One beat, many workers. Workers scale horizontally. Beat must run as a single active instance - two beats would each fire the schedule and enqueue duplicates. The entrypoint guards this with a Redis lock (agent:beat:lock, TTL BEAT_LOCK_TTL_SECONDS) refreshed by a heartbeat thread while beat runs; if another beat holds it, the process exits. The lock auto-expires if the holder crashes, so a replacement can take over. (No celery-redbeat: it is not actively maintained; the schedule is defined in code, so plain beat + our own lock is enough.)

A job declares its own schedule. The cron lives on the JobRequest, next to the other execution metadata (max_try, soft_timeout_seconds, resume, max_concurrent): a standard 5-field expression, e.g. "0 2 * * *" = daily at 02:00; a Request without one runs only on demand. At startup Agent.start_beat scans every registered job and builds one beat entry per Request that declares a cron - keyed by the job name, enqueued with the Request’s default payload and a schedule_name tag. Adding or rescheduling a periodic job is a one-line change on the Request, not an edit to a central schedule.

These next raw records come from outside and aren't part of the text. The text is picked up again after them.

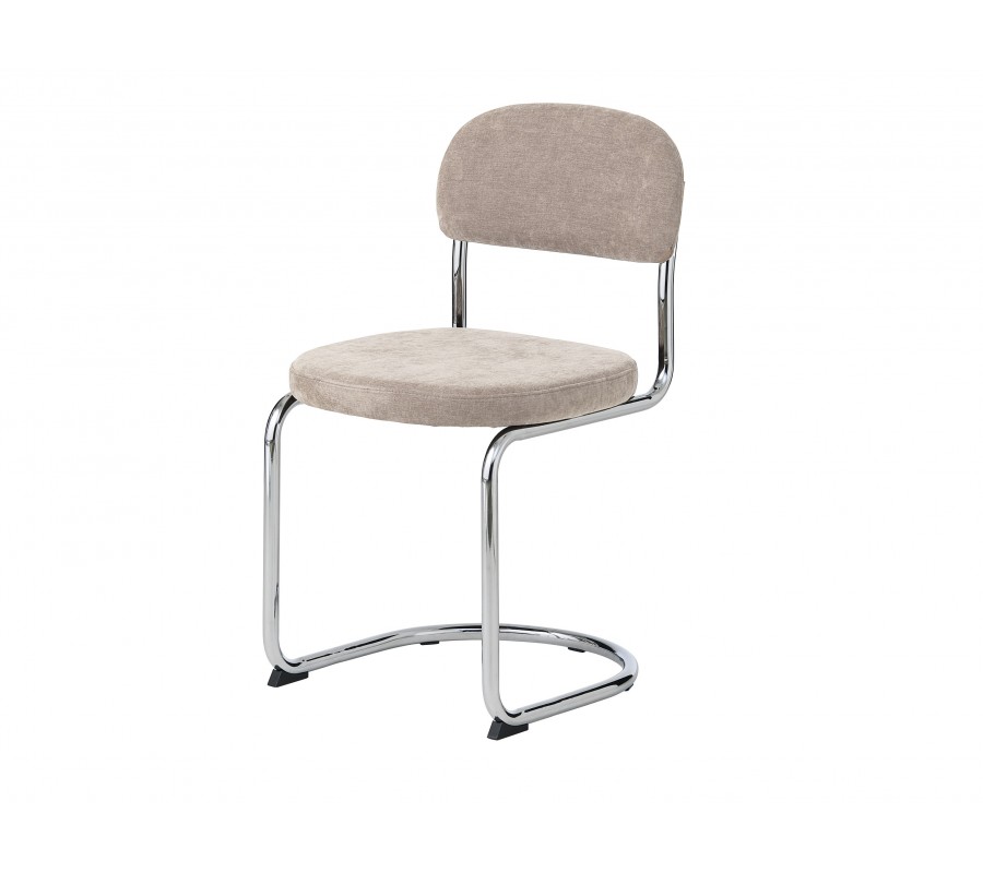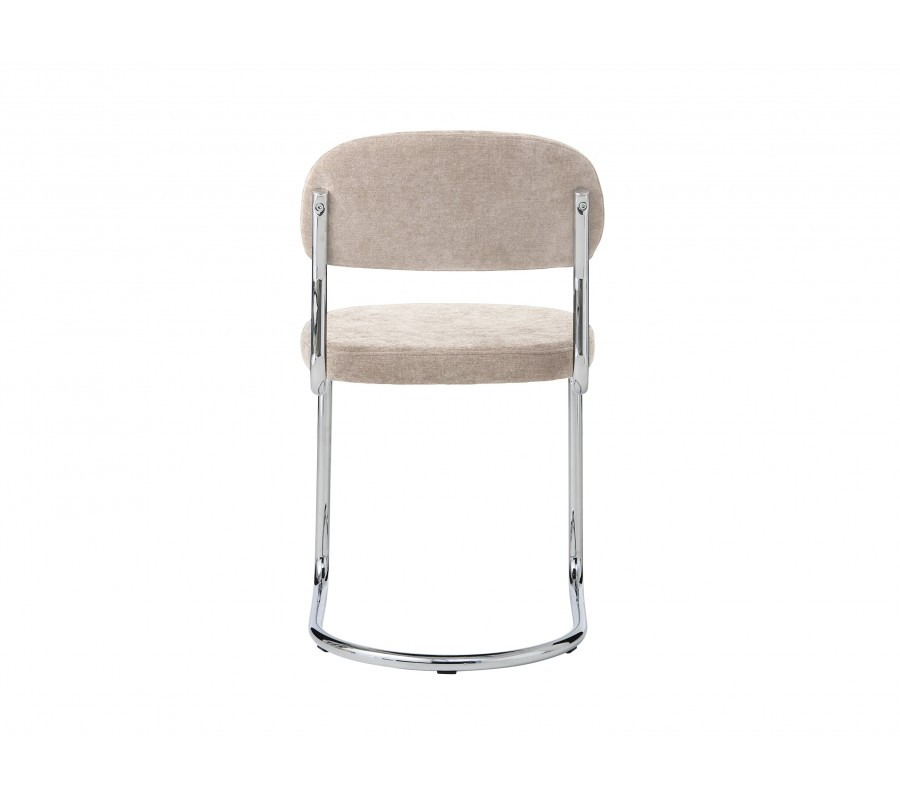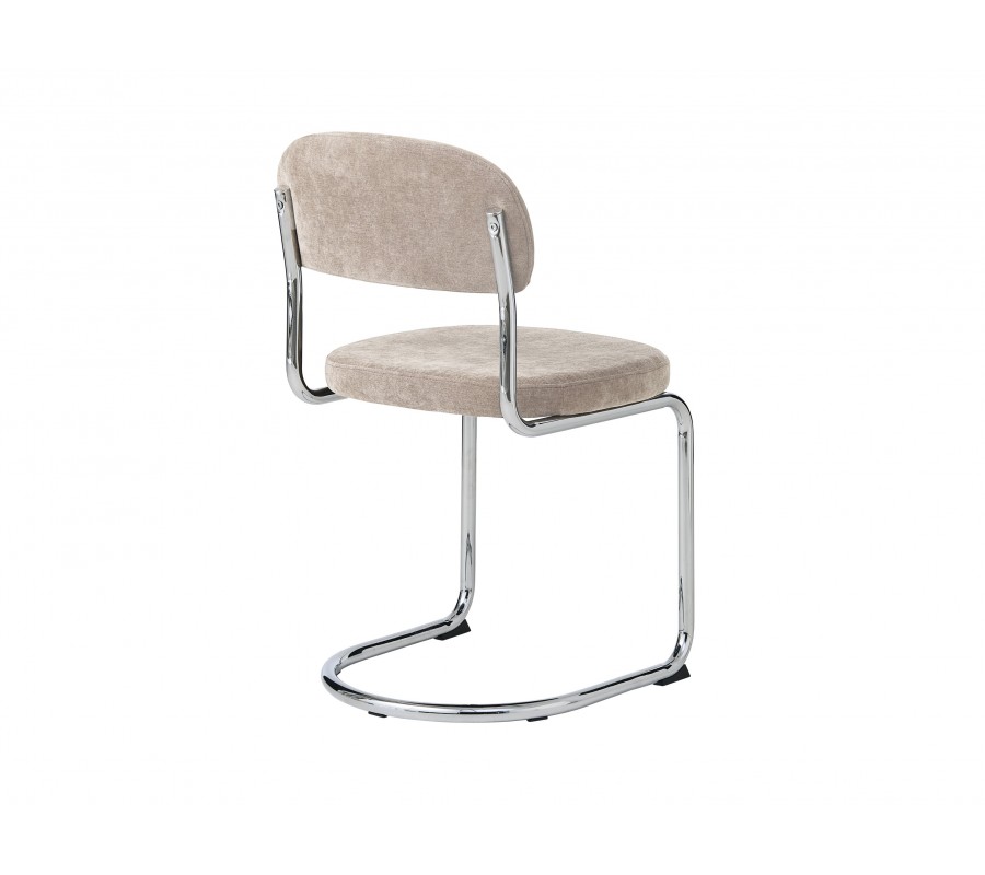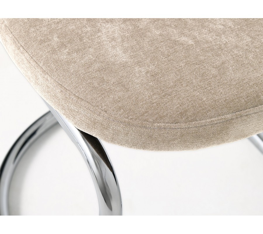 Moderná chrómová jedálenská stolička Kromo s konzolovým lesklým kovovým rámom a svetlým béžovým ženilkovým poťahom 48 cm
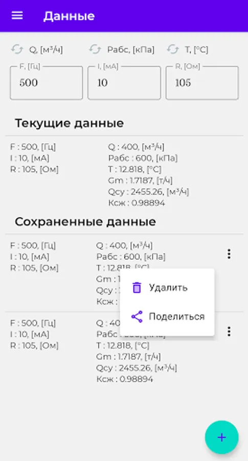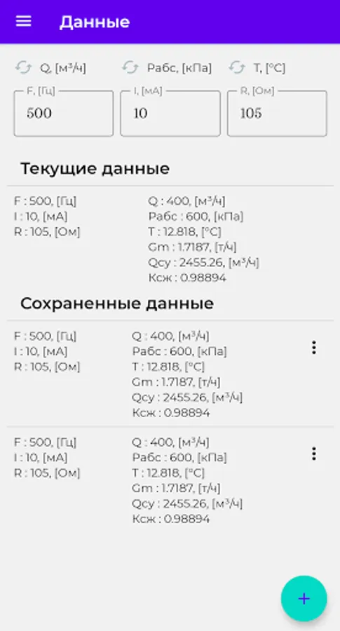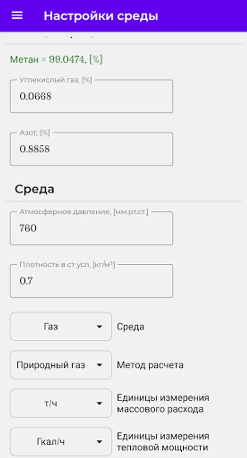 Application for calculating the compressibility coefficient of various gas media, steam / water parameters based on primary data from flow sensors, temperature, pressure.
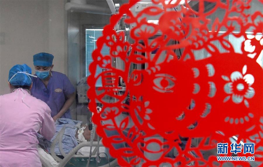 5月10日,在河南省人民医院呼吸重症监护室,谢亚东和同事一起为患者翻身。 新华社记者 李安 摄
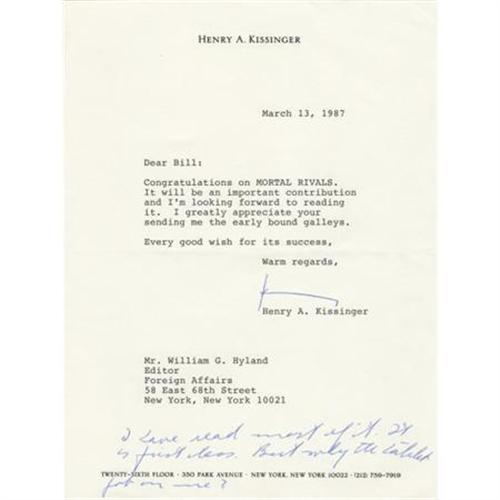 <B>Henry Kissinger Signature Lot</B></I> including a one page typed letter signed "<I>Henry</B></I>", 6.5" x 8.5", on Kissinger's personal letterhead, New York, March 13, 1987, to William G. Hyland, New York. Kissinger has read the bound galleys for Hyland's book Mortal Rivals: Superpower Relations from Nixon to Reagan and writes in part: "Congratulations on MORTAL RIVALS. It will be an important contribution and I'm looking forward to reading it...every good wish for its success". Apparently having had some time to read portions of the galleys Kissinger has hand annotated the letter at the bottom and written: "<I>I have read most of it. It is first class. But why the hatchet job on me?</B></I>". Was this written in jest or? Included are the title page and half-title page excised from Kissinger's book White House Years. On the half-title page Kissinger has inscribed the book to presumably Hyland's wife: "<I>To Dora Hyland Every good with Henry A. Kissinger</B></I>". The pages were paper clipped together at one time and the removal of the clip has left a slight bit of rust and torn a small hole on the inscribed page, else all items are in fine condition.<BR><BR><BR><b>Shipping:</b> Flat Material, Small (<a target="_blank" href="http://www.heritageauctions.com/common/shipping.php">view shipping information</a>)
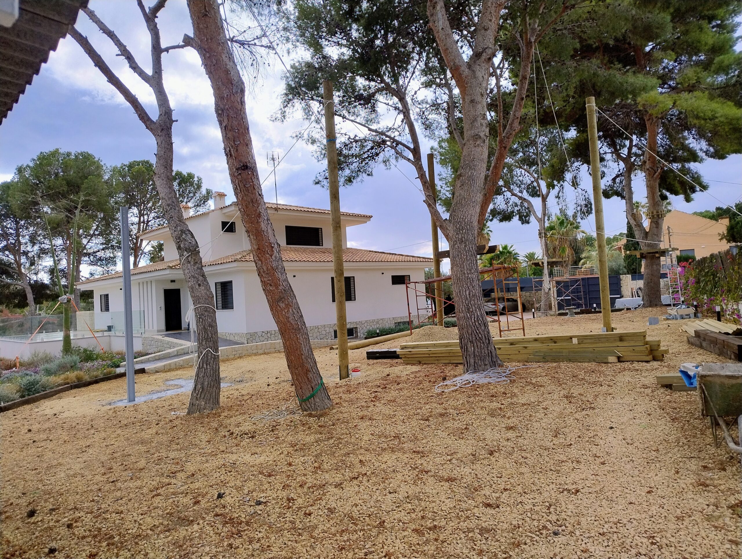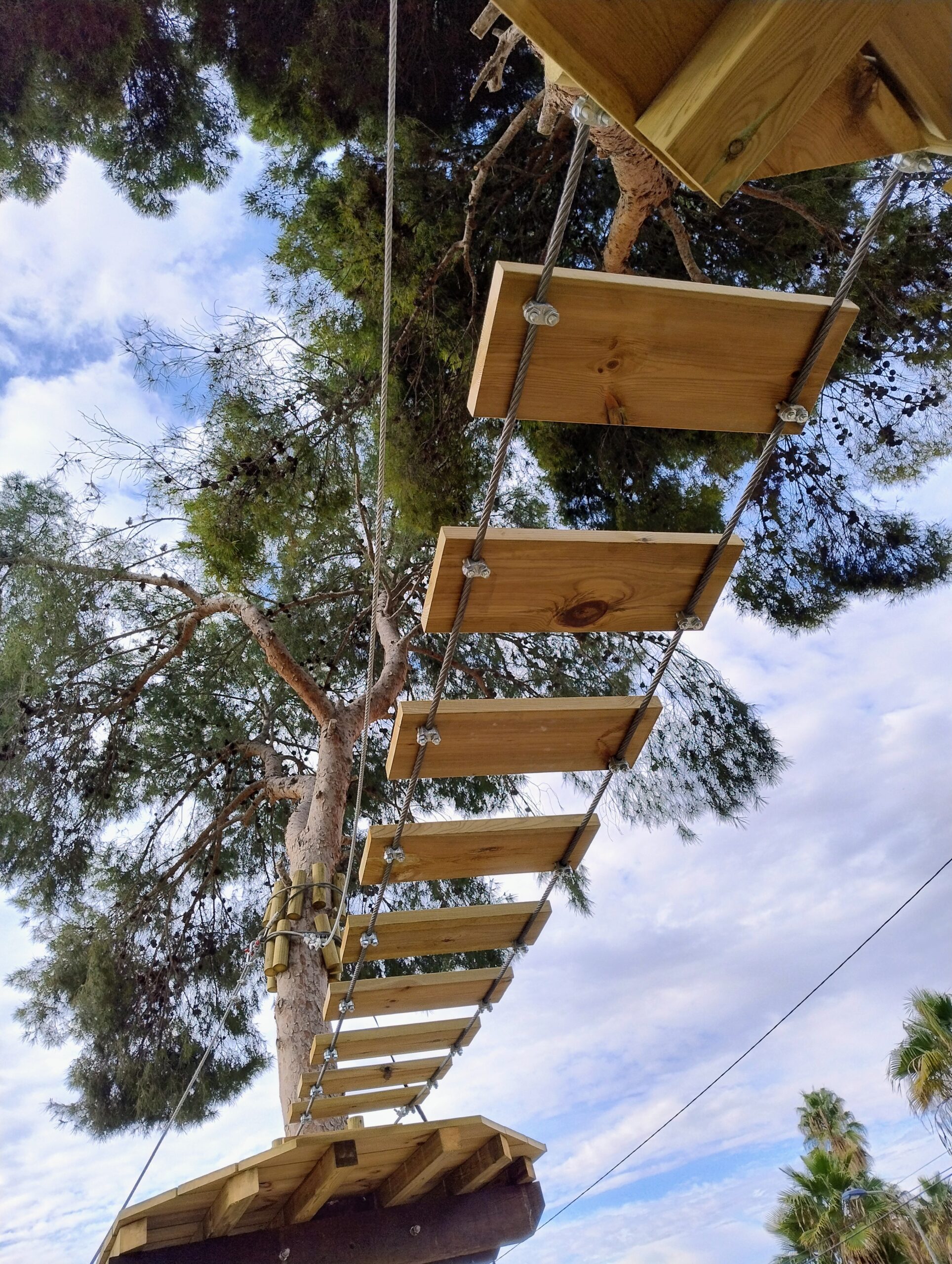 Todo es posible: una casita cerca del suelo, a dos metros de altura, un recorrido entre árboles una pasarela de madera, redes de descanso… Lo que necesites
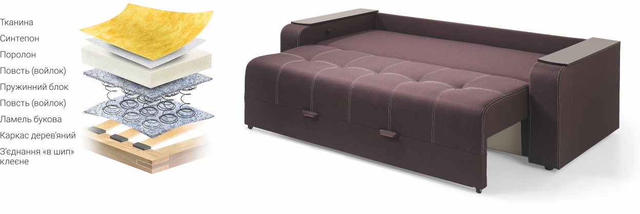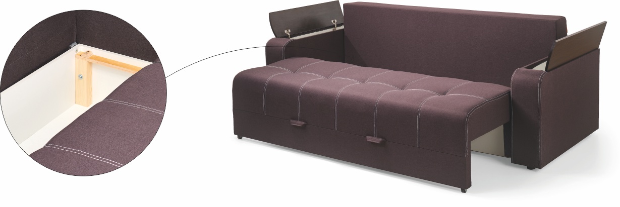 | • Накладки на бильцях. • Одна містка ніша для білизни. | • Три великі подушки. • Відкривні бильця з додатковими нішами всередині. |
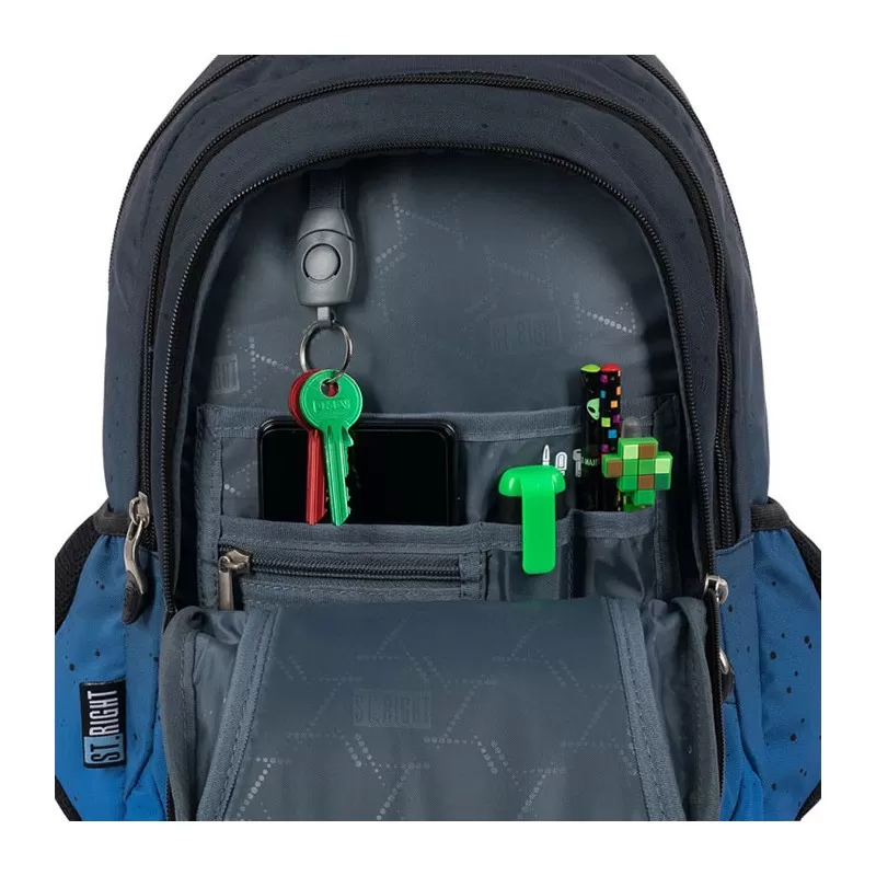 Compartimentul principal al ghiozdanului este dotat cu un buzunar special pentru a pastra diverse articole de mici dimensiuni. Unul din compartimentele frontale ale ghiozdanului este dotat cu mai multe separatoare interioare (destinate articolelor precum chei, bani, memory-stick-uri, accesorii telefon, instrumente de scris sau alte obiecte importante de mici dimensiuni), precum si cu un breloc detasabil pentru cheie.
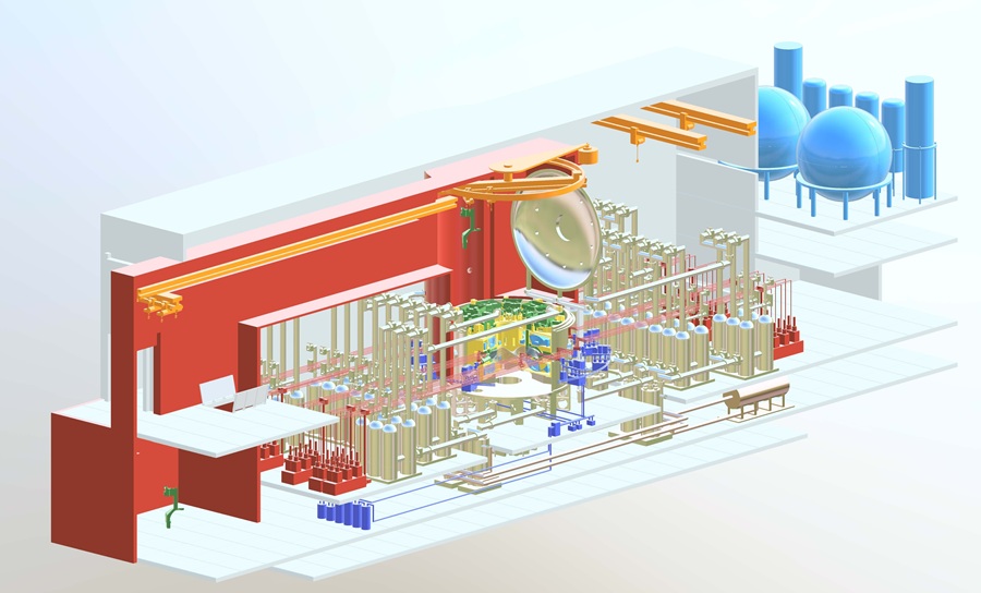 | 图一为Helical Fusion 开发中的全球首座稳态净功率核融合电厂--Helix KANATA的中央剖面示意图,图二为其厂区概念图。(source : Helical Fusion) |
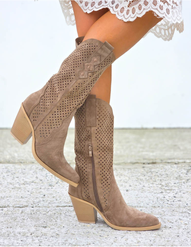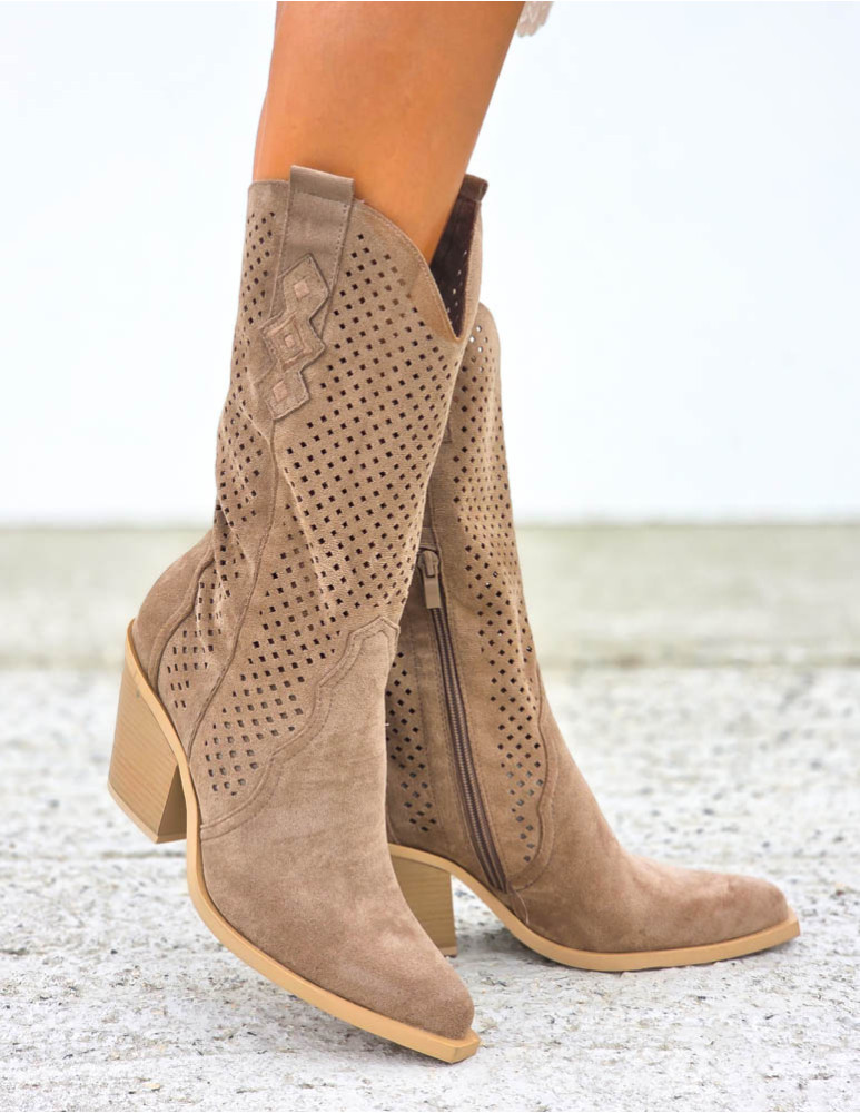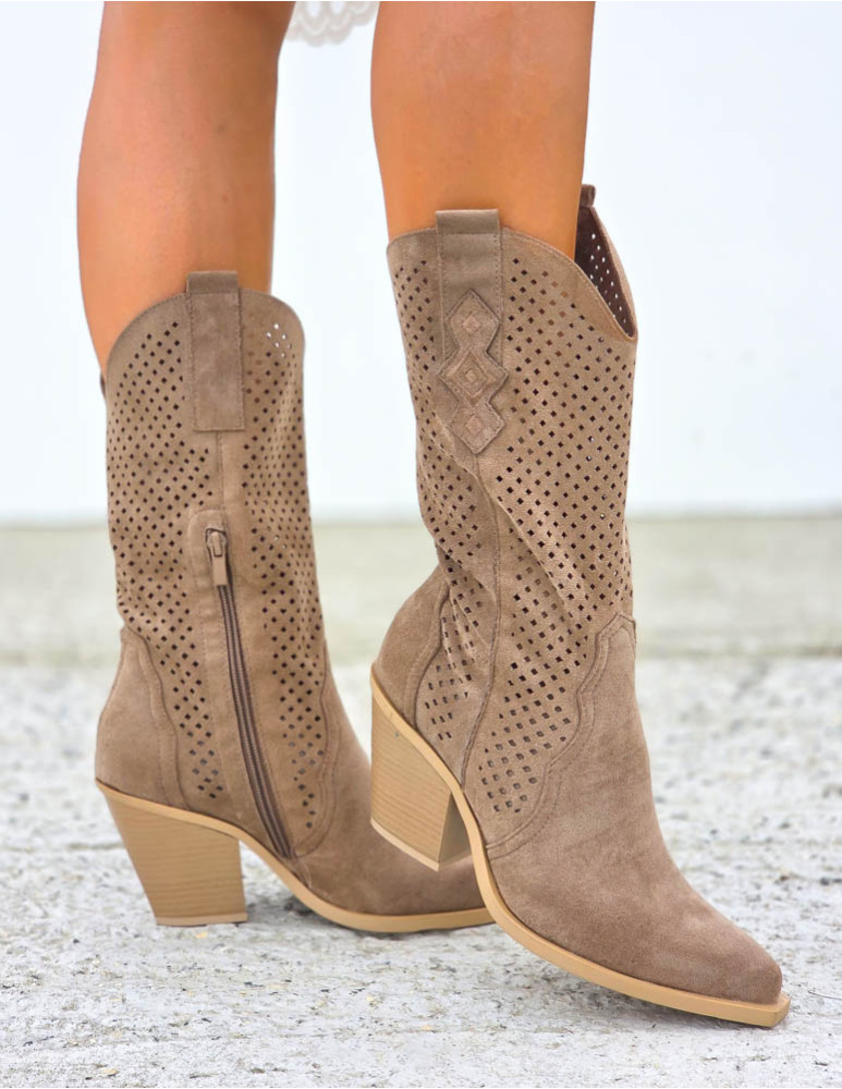 Beżowe Zamszowe Ażurowe Botki Na Słupku Paula
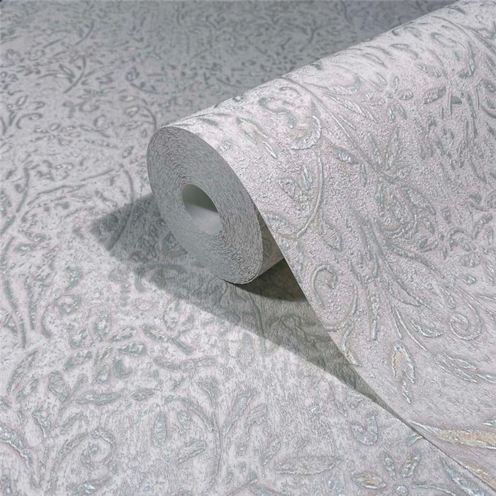Papel pintado floral ornamental gris y cobre damasco, ideal para interiores con estilo. Marburg Ritus 35534.

The last-run state file is SOGO_P_AGENT_BEAT_SCHEDULE_PATH (default /var/celery/celerybeat-schedule; its directory is provisioned writable by the application user in the agent Dockerfile - start_beat raises a clear error if it is missing/not writable). Current periodic jobs: admin.cleanup.large_store (app/module/admin/jobs/), on the cadence declared by its Request’s cron, which calls agent.get_large_store().purge_older_than(SOGO_P_AGENT_LARGE_STORE_MAX_AGE_SECONDS) to delete agent-source blobs older than that age from sogo6_file_storage; and calendar.sync.external.auto (app/module/calendar/jobs/, every 5 minutes), which sweeps every external ICS calendar and syncs the ones whose sync_interval_minutes has elapsed (see Calendar Module).

Tracking beat jobs. A beat task goes straight to the broker (it does not pass through ClientAgent.enqueue, so no PENDING JobState is persisted). The task_prerun hook therefore creates the JobState when none exists, tagged with the schedule name (schedule_name, carried in the task kwargs) - so periodic runs show up in GET /jobs/<id> and list_by_schedule like any other job.

Testing

  • tests/test_agent/ — infrastructure layer (Agent wrapper, Job* classes, lifecycle hooks, JobStateSerializerDict).

  • tests/test_manager/test_storage/ — the storage layer (ClientStorage policy, ClientStorageDatabase including its two connection modes, DbFileStorage).

  • tests/test_manager/test_agent/test_ClientAgent.py — the ClientAgent facade plus concurrency tests (lock acquire/release).

  • tests/test_interface/test_job/test_InterfaceApiJob.py — the user-facing interface (get_job + get_result + errors).

The pattern: inject MagicMock() for agent, persistency, canceller, cache, and the store. For worker job tests, patch the job module’s agent and drive agent.get_large_store.return_value. For Flask interface tests, patch sogo_agent and drive sogo_agent().get_large_store.return_value.